■ **Instructions for the task**:
Should a picture appear anywhere in the data, omit it and copy everything else exactly.

··· Data shown ···

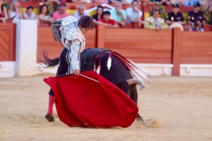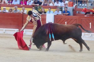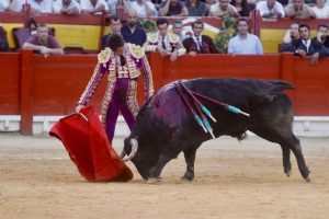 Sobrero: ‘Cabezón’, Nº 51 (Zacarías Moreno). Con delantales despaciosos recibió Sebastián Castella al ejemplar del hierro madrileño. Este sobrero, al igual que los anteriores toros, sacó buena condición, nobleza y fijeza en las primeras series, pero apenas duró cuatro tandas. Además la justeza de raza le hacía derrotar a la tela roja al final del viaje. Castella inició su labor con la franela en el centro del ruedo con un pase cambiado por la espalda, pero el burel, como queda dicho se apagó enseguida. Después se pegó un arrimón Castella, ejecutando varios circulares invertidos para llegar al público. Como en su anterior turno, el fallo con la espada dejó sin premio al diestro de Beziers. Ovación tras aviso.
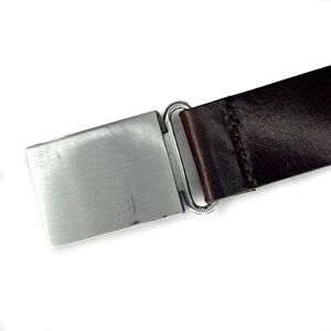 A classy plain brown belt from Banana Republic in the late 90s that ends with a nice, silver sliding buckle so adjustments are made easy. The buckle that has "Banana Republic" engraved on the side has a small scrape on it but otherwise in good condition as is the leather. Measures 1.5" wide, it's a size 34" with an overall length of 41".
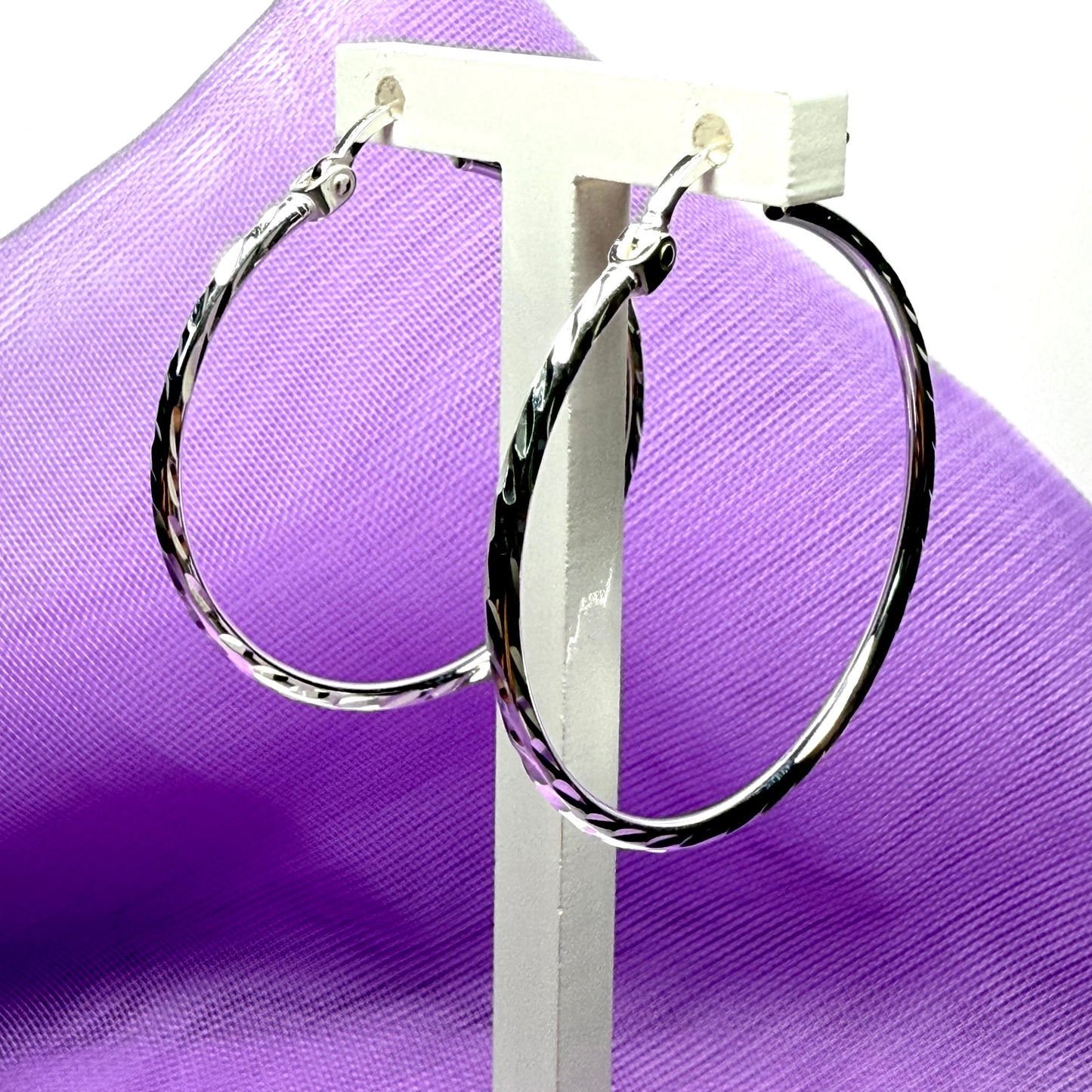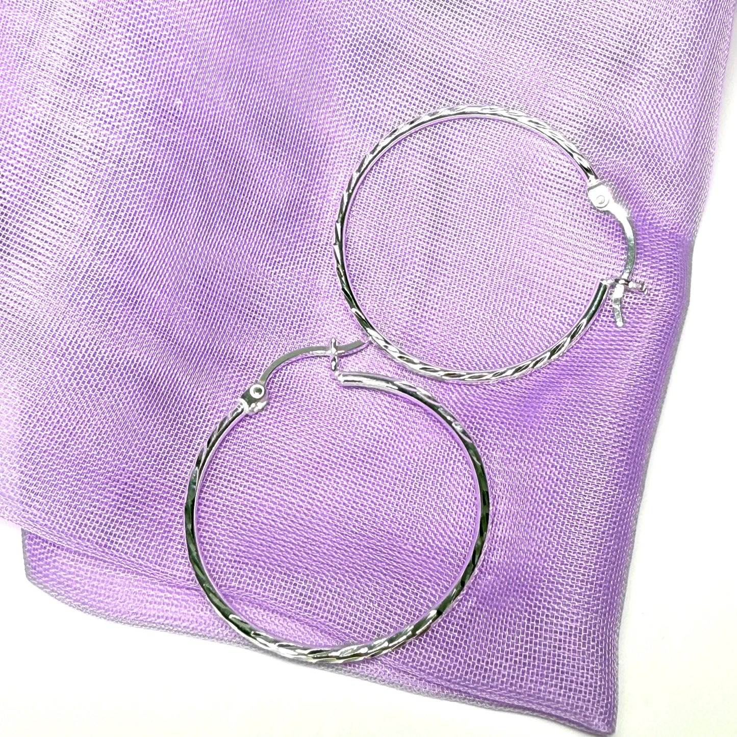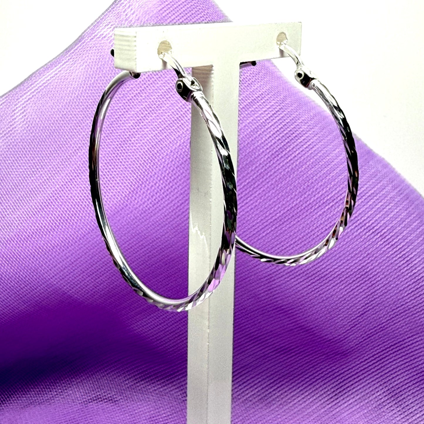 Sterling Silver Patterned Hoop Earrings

···

■ **Your response**:
 Sobrero: ‘Cabezón’, Nº 51 (Zacarías Moreno). Con delantales despaciosos recibió Sebastián Castella al ejemplar del hierro madrileño. Este sobrero, al igual que los anteriores toros, sacó buena condición, nobleza y fijeza en las primeras series, pero apenas duró cuatro tandas. Además la justeza de raza le hacía derrotar a la tela roja al final del viaje. Castella inició su labor con la franela en el centro del ruedo con un pase cambiado por la espalda, pero el burel, como queda dicho se apagó enseguida. Después se pegó un arrimón Castella, ejecutando varios circulares invertidos para llegar al público. Como en su anterior turno, el fallo con la espada dejó sin premio al diestro de Beziers. Ovación tras aviso.
 A classy plain brown belt from Banana Republic in the late 90s that ends with a nice, silver sliding buckle so adjustments are made easy. The buckle that has "Banana Republic" engraved on the side has a small scrape on it but otherwise in good condition as is the leather. Measures 1.5" wide, it's a size 34" with an overall length of 41".
 Sterling Silver Patterned Hoop Earrings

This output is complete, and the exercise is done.